Josh rubbed his face with his hands. “We went out to walk Havoc. We should have told Garrett. We didn’t think we’d go far. But I can’t remember anything other than heading out with the dog.” When Chris placed his hand on his mate’s, Josh inverted his own to intertwine their fingers. Chris’s eyes were dark with worry.
Watching them, I experienced a surge of helpless anger. “Why lure them away?” I shook my head. “They wanted Josh and Peter to lose it to their wulf and disappear? Or . . .” Comprehension dawned. “They knew the enforcers would follow.”
“In Texas, we’d have been ordered to put them down,” Malcolm drawled. His hazel eyes had darkened with remorse. How many times has he had to kill someone he knew?
“Yeah, well, this isn’t Texas,” Jason said.
Malcolm nodded. “You want me to tell my end?”
Jason waved a hand, and Malcolm spoke. “It started about three months ago. Two enforcers were sent to take out a wulfleng that had slaughtered a herd of beef cattle as well as the old rancher, asleep in his bed. They did not return and we never found their bodies or any sign of the wulfleng. They vanished without a trace.”

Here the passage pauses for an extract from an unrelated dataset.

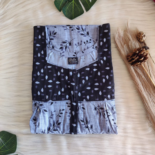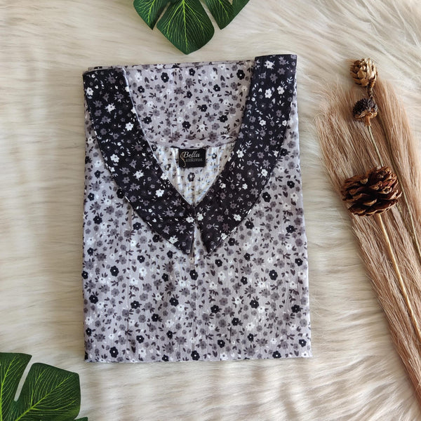 Black And Grey Floral Printed Premium Cotton Peter Pan Collar Nighty | Free Size | Chest Width 44″| Length 55″-56″

“Since then, we’ve had more problems with rogue wulfleng in the southern Texas area—so many more than usual, we figured we had an epidemic on our hands. But when we lost another enforcer and had a bunch hurt on a hunt, they came back with tales of unbelievably strong, fast, and huge beasts.”
Malcolm gulped a long swig of beer. “The board said they’d look into it. Time passed and we realized that this had the earmarks of an uprising, but we began to wonder if we were dealing with something different—something capable of producing monsters. The board had no answers, instead they told us to bring the bodies of the weird wulfleng to a central location for disposal. We wanted to get the wulfleng checked out, but they denied our request.” He sighed and pinched
the bridge of his nose between his fingers. “Then the enforcers started to get sick.”

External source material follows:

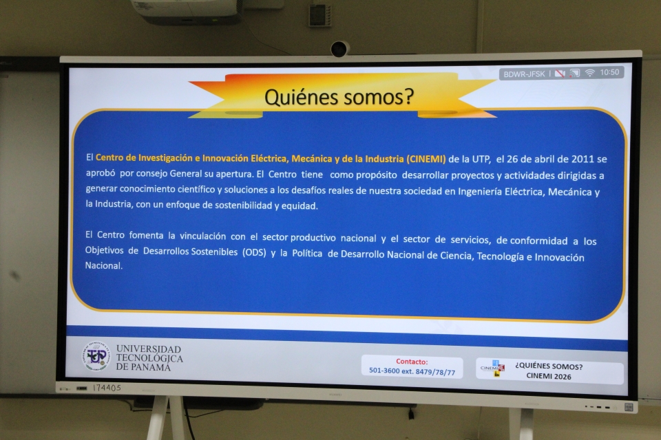 El Centro de Investigación e Innovación Eléctrica, Mecánica y de la Industria (CINEMI) de la Universidad Tecnológica de Panamá realizó, el 16 de marzo, una gira de promoción en la UTP Chiriquí, con el objetivo de dar a conocer los servicios que ofrece en materia de investigación, docencia, autogestión y laboratorios.

He glanced at Chris and Josh. “The ones bitten by the wulfleng lost their memories and started losing control over their wulves. The board sent us after our own, to put them down. Many of us refused. We wanted answers, not orders.”

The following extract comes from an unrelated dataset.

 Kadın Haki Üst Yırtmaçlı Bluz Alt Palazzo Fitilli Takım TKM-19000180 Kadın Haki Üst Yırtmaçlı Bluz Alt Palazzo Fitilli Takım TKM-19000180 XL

I looked at Chris. He’d left Texas because he disliked the board’s decisions in the past. Sounded as though things hadn’t changed.
“When we refused to take action, the infected enforcers disappeared, one by one. Their trackers stopped functioning, and we haven’t been able to find them.” He took another swig of beer, his expression bleak. “Last week, my partner and friend vanished. He’d started losing his sense of time, so I stayed with him. I left to get food and came back to find him gone.”
I cleared my throat. “Sounds like your board has an interest in those mutants.”
Malcolm’s eyes met mine. “This issue is ripping the board apart. Several members walked, and we can’t even locate them to question. The open positions have already been replaced. Many of us no longer have confidence in the members.” He swallowed. “I think you’re right—they’re involved.”
“Tell them about Dillon,” prompted Jason.
Malcolm nodded. “We managed to get IDs on a few of the mutant wulfleng. They were human drifters, living in halfway houses or on the streets. We think someone’s recruiting them and infecting them with this new virus. Your friend Dillon was in jail for a year. After release, he lived in a halfway house. His parole officer said that Dillon vanished after a few months. So he must’ve been recruited off the streets. He stayed off radar until he appeared at Chloe’s university over two months later. We know they were together for about six weeks before coming to Canada.”
“So Dillon’s infection might have occurred at any point from the time his parole officer lost contact to when Chloe’s brothers found him and Chloe . . . indisposed in the park.” I could see Chris adding up the totals.
The big Texan nodded. “By my figuring, it occurred as much as five months before his death.”